I'm working on a box that I want to insert a 16th inch glass pane near the front opening of - but I'm not really sure how one goes about making such a small groove (or really any groove) with hand tools. I know that tongue and groove planes exist, but are so expensive and specialized... is there a simpler (even if it's more labor intensive) way to do this? I thought about sawing the outsides of the groove with a handsaw and trying to "scrape" out the middle, but can't think of what tools would be useful for said "scraping"... maybe I'm thinking about it all wrong. Thanks for any help. Still quite new to hand tools.

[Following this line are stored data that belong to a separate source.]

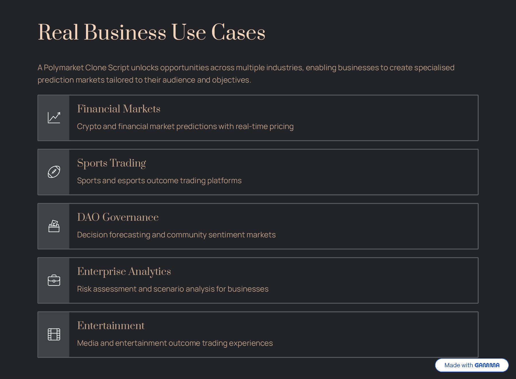 across multiple industries, enabling businesses to create specialised prediction markets tailored to their audience and objectives. Financial Markets Crypto and financial market predictions with real-time pricing Sports Trading Sports and esports outcome trading platforms DAO Governance Decision forecasting and community sentiment markets Enterprise Analytics Risk assessment and scenario analysis for businesses Entertainment Media and entertainment outcome trading experiences
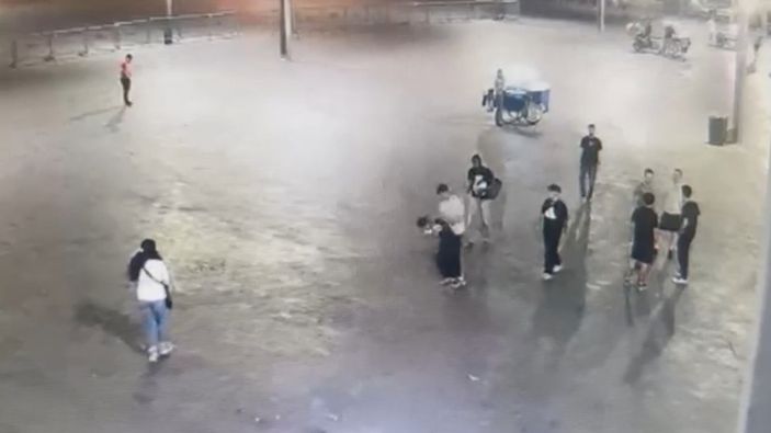 Kadın ardından bir arkadaş grubunun arasına girerek içlerinden bir kişi ile meydandan uzaklaştı.
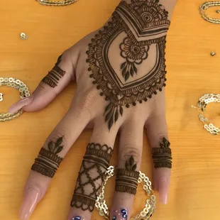 I don't give reviews often however this one is well deserved.Kimberly welcoming, kindness, professionalism, technics and attention to detail are above expectations. I give her a 5-stars rating for my Henna experience. She will make you feel like a new bride. I wish her the best with her business and plan on coming back for more services.
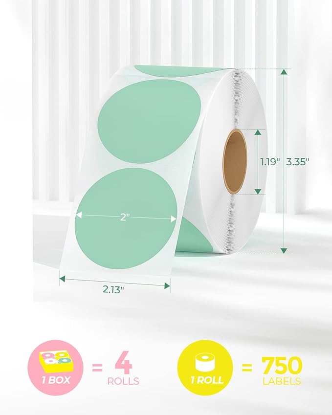 - Munbyn Generic Circle Series Labels (GR): Round thermal sticker with the size: 2" circle (750 Labels/Roll, 6 Rolls), No ink toner or ribbons needed!

Along the grain if that makes a difference.


----------



## Keith Mathewson (Sep 23, 2010)

You can make a simple scratch stock out of an old card scraper and insert it into a piece of wood with a fence.


----------



## firemedic (Dec 26, 2010)

Would making a rabbet with glass stay (small strips) behind it be an option or must the the glass be captive without means of being replaced were it broken?


----------



## Wrangler02 (Apr 15, 2011)

Before I had my Stanley 45 Combination Plane; I defined the edges of the groove with my marking gage and chopped the waste out with a cheap (Marples) chisel ground to the thickness of the glass.


----------



## Calzone (May 15, 2012)

Handsaw would work fine, I would think


----------



## HandToolGuy (Dec 10, 2011)

Calzone said:


> Handsaw would work fine, I would think


Except that this groove is stopped, right?


----------



## Bifidus (Oct 9, 2012)

It is a stopped groove. Since I'm trying, for the sake of learning, to avoid any hardware or glue, I think fashioning a card scraper for the job is exactly the answer I was looking for, though this _will_ make the glass difficult to replace, in which case I'll use the glass stay idea. Thanks for all your help!


----------